There are special cases. Maybe the links are all equally strong to high precision. But that’s unusual. Variance (statistical fluctuations) is usual. Perhaps there is a bell curve of link strengths. Having two links approximately tied for weakest is more realistic, though still uncommon.
(A group of linked ideas may not be a chain (linear) because of branching (tree structure). But that doesn’t matter to my point. Stress the non-linear system of chain links and something will break first.)
The weakest link of the chain is the bottleneck or constraint. The other links have excess capacity – more strength than they need to stay unbroken when the chain gets pulled on hard enough to break the weakest link.
Optimization of non-bottlenecks is ~wasted effort. In other words, if you pick random chain links, and then you reinforce them, it (probably) doesn’t make the chain stronger. Reinforcing non-weakest links is misallocating effort.
So how good is an idea made of sub-ideas? It’s as strong as its weakest link (sub-idea). Most ideas have excess capacity. So it’d be a mistake to measure how good each sub-idea is, including more points for excess capacity, and then combine all the scores into an overall goodness score.
Excess capacity is a general feature and requirement of stable systems. Either most components have excess capacity or the system is unstable. Why? Because of variance.
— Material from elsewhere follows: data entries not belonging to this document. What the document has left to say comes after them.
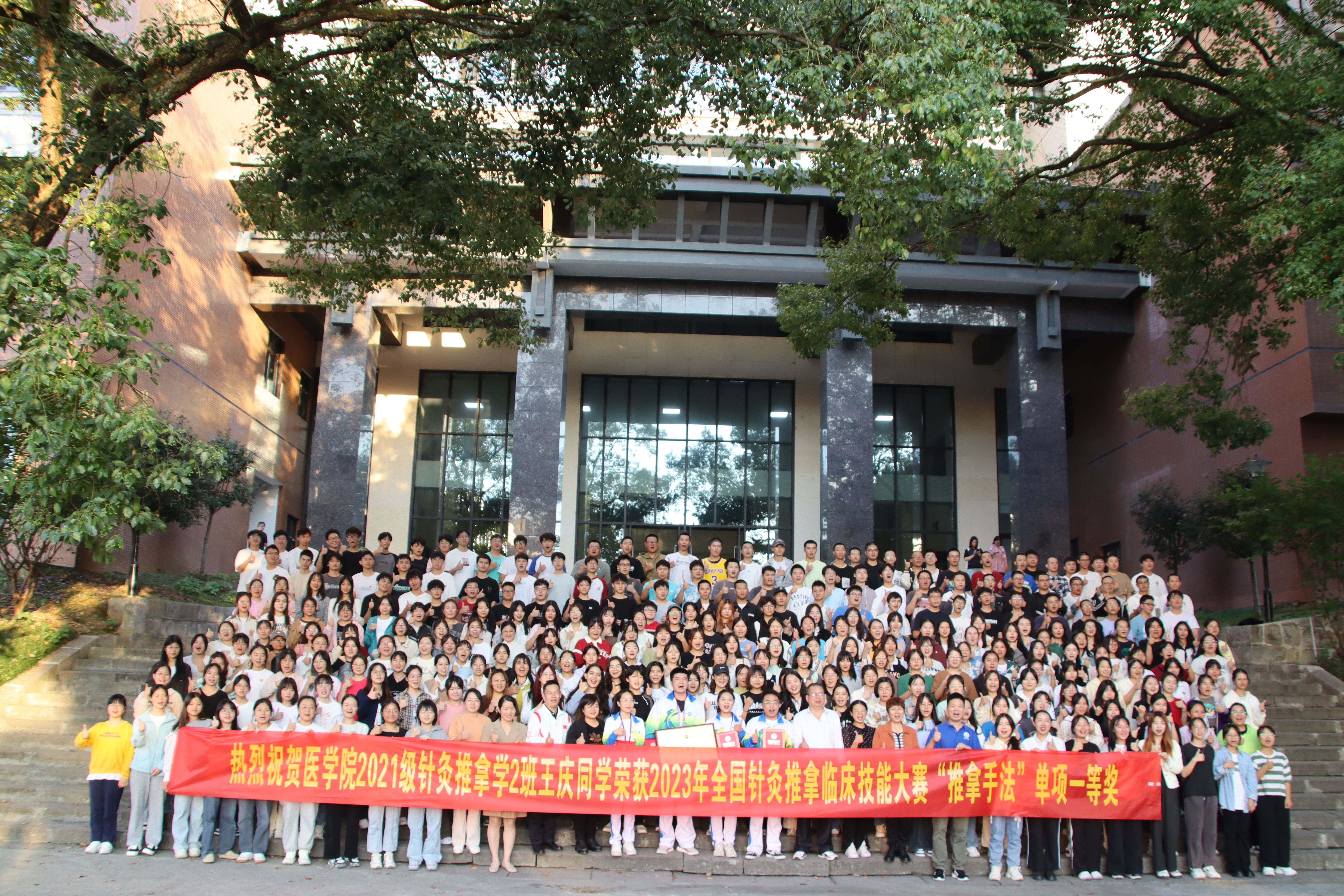 (通讯员 张罗琴)10月14—15日,由中国针灸学会、全国中医药高等教育学会联合主办的“2023华佗杯全国高等院校针灸推拿临床技能大赛”在山东中医药大学举行。我校学生代表队荣获团体三等奖,2021级针灸推拿学专业学生王庆以全国第二名的优异成绩勇夺“推拿手法”单项一等奖。
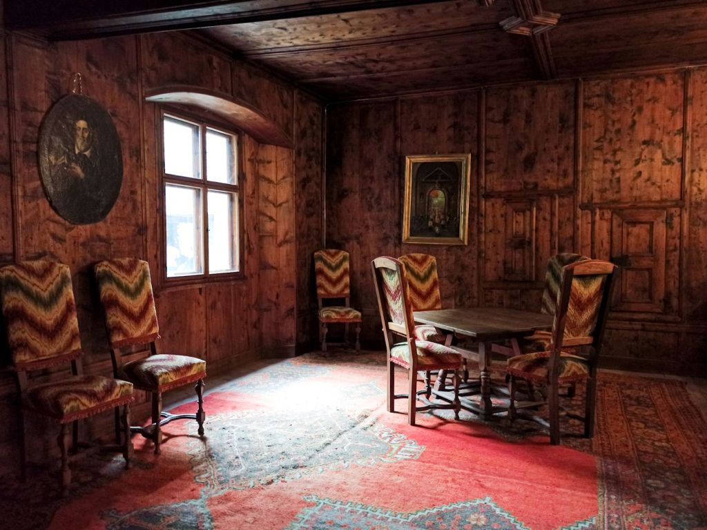 E la stanza del Cardinale Tisseron che, dal Vaticano, è stato ospite dell’abate per un’intera estate al Castello di Taufers e grazie ad una sua generosa donazione venne ricostruita la torre del castello. Riportandola alla sua altezza originale di 42 metri.
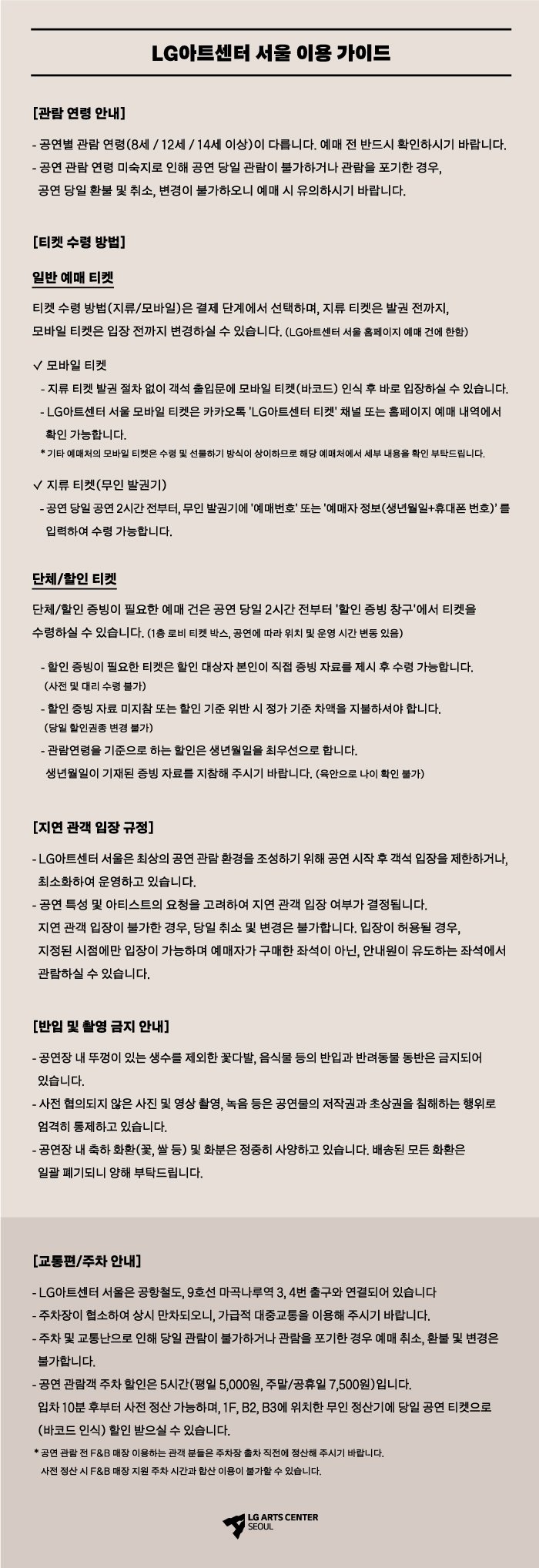 | 이용가능 장소 | LG아트센터 서울 LG SIGNATURE 홀 | ||||||||||||

If lots of components were within the margin of error (max expected or common variance) of breaking, stuff would break all over the place on a regular basis. You’d have chaos. Stable systems mostly include parts which remain stable despite variance. That means that in most circumstances, when they aren’t currently dealing with high levels of negative variances, then they have excess capacity.
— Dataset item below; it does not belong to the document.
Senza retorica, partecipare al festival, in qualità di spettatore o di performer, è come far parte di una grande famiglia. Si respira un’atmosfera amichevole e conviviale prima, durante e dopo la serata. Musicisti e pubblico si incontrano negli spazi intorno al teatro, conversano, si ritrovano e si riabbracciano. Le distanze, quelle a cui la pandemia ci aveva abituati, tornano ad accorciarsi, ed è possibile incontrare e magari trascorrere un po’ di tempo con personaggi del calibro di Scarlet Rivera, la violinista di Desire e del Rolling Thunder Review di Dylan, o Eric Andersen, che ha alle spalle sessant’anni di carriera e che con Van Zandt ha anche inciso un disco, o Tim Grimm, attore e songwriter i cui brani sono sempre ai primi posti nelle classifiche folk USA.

This is why manufacturing plants should not be designed as a balanced series of workstations, all with equal production capacity. A balanced plant (code) lacks excess capacity on any workstations (chain links), which makes it unstable to variance.
Abstractly, bottlenecks and excess capacity are key issues whenever there are dependency links plus variance. (Source.)
Applied to Software
This is similar to how, when optimizing computer programs for speed, you should look for bottlenecks and focus on improving those. Find the really slow part and work on that. Don’t just speed up any random piece of code. Most of the code is plenty fast. Which means, if you want to assign an overall optimization score to the code, it’d be misleading to look at how well optimized every function is and then average them. What you should actually do is a lot more like scoring the bottleneck(s) and ignoring how optimized the other functions are.
Just as optimizing the non-bottlenecks with lots of excess capacity would be wasted effort, any optimization already present at a non-bottleneck shouldn’t be counted when evaluating how optimized the codebase is, because it doesn’t matter. (To a reasonable approximation. Yes, as the code changes, the bottlenecks could move. A function could suddenly be called a million times more often than before and need optimizing. If it was pre-optimized, that’d be a benefit. But most functions will never become bottlenecks, so pre-optimizing just in case has a low value.)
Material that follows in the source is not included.